適当に市民を捕まえ、いきなり襲い掛かった。
「我こそは、中世最強と謳われたテンプル騎士団が騎士、グレゴワール・ド・ギー! 神の御名を侮辱し、この世に邪悪を運ぶ、邪教の都にいざ鉄槌を下さん! 邪教に仕えし大罪は自らの血で持って償うべし!」
「な、なんだぁ?」
剣を目立つよう振り回し、哀れな市民を追い回す。
騒ぎに他の市民が気付き始めたところで、ゼノビアも騒動をまわりに広める。情報攪乱だ。騒動は大きくなり、北の門のクルセイダー達が動き始めた。
「……よし」
ゼノビアの合図で、グレゴは先ほどの卓球の玉で煙幕を炊き、その場から逃走。
路地を迂回して、ゼノビアとシャノンと合流し、北の門に走った。
騒動に気をとられ警備が離れている。その隙に、三人は第6地区に入った。
「クルセイダーが門から消えたよ、祥子ちゃん!」
「今しかないわ!」
その瞬間は、詩穂と祥子にとっても好機となった。
詩穂とセルフィーナは隠れ身、青白磁は隠形の術で身を隠しつつ、空飛ぶ魔法で壁を飛び越える。
祥子は、魔鎧化した朱美を纏い、義弘を身体に巻き付けると、光学迷彩で姿を消し、氷雪比翼で同じように壁を飛び越えた。
オープンテラスに残ったシャーロットは、再び深く椅子に腰を下ろした。
「……なるほど。陽動作戦。空からの侵入。どちらも効果的な作戦ですね」
パイプをくわえる。
「……しかし、どちらの術も持たない私はどうしたら……」
推理は煮詰まっていた。
第6地区は、教団の関連施設が密集する地区だ。
主に、神官の住居。その他に、特別な儀式に使われる聖堂など。場所によっては普通の神官でも立ち入れないような施設もあるようだ。屹立する建築物はどれも美しく、豪奢で目を奪われるような美術的価値の高いものばかりだった。
中で合流した三組は、誰にも見つからないよう調査を始めた。礼拝の時分なのか、人の気配はなく、ひっそりと静まり返っている。

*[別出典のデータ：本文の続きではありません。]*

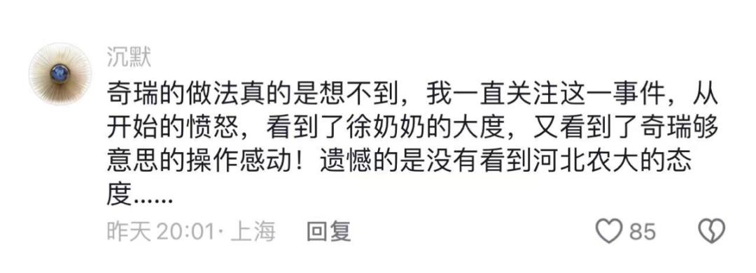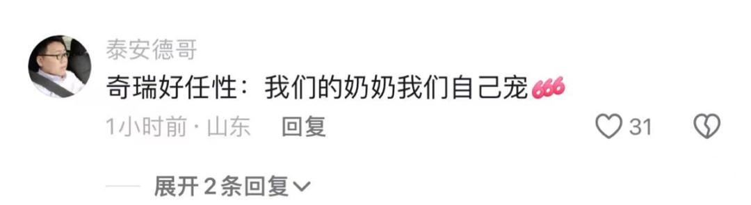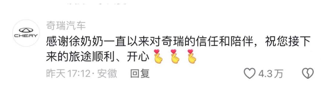 @奇瑞汽车 抖音大号不仅同步转发,还专门在奶奶视频下留言。

セルフィーナは、嵐のフラワシを偵察に向かわせ、先の様子を探った。
「フラワシなら、人間よりも発見されづらいと思うけど……本当に大丈夫?」
「詩穂様。何も考えなしにしているわけではありませんわ。教団は、未来の組織と聞いております。ならば、コンジュラーやフラワシという過去の遺物、オカルトの亡霊の存在など、彼らは知る由もないでしょう。看破される事はありません」
それは、教団の実体を甘く見積もり過ぎた考えだった。
「……何者だ!」
突然の声に、慌ててフラワシを引っ込める。
神官が数名、通りに現れ、辺りを見回した。
未来の組織だから、過去の遺物など知る由もないと彼女は言ったが、未来の組織だからこそ、過去の技術は研究され、その対策は万全にとられているのだ。海京に現れたクルセイダーも、フラワシとは真っ正面から応戦している。
「……あの人達、フラワシ見えてるけどー?」
「……きっと過去のことに研究熱心な方達なのです。偉いですわ」
「……静かに」
祥子は、口元に人差し指を添えた。
物陰に伏せ、様子を見ていると、神官を連れ、一人の若者が現れた。
柔らかな桃色の髪に、宝石のような青い瞳、西洋人形を思わせる整った顔……。
「メルキオール……」
まだ青年だが、グランツ教の司教にして、クルセイダーを束ねる闇の実力者だ。世のため人のためを信条とする人格者の反面、教団の理想のためなら、一都市を滅ぼす事を平気で実行する恐るべき人物である。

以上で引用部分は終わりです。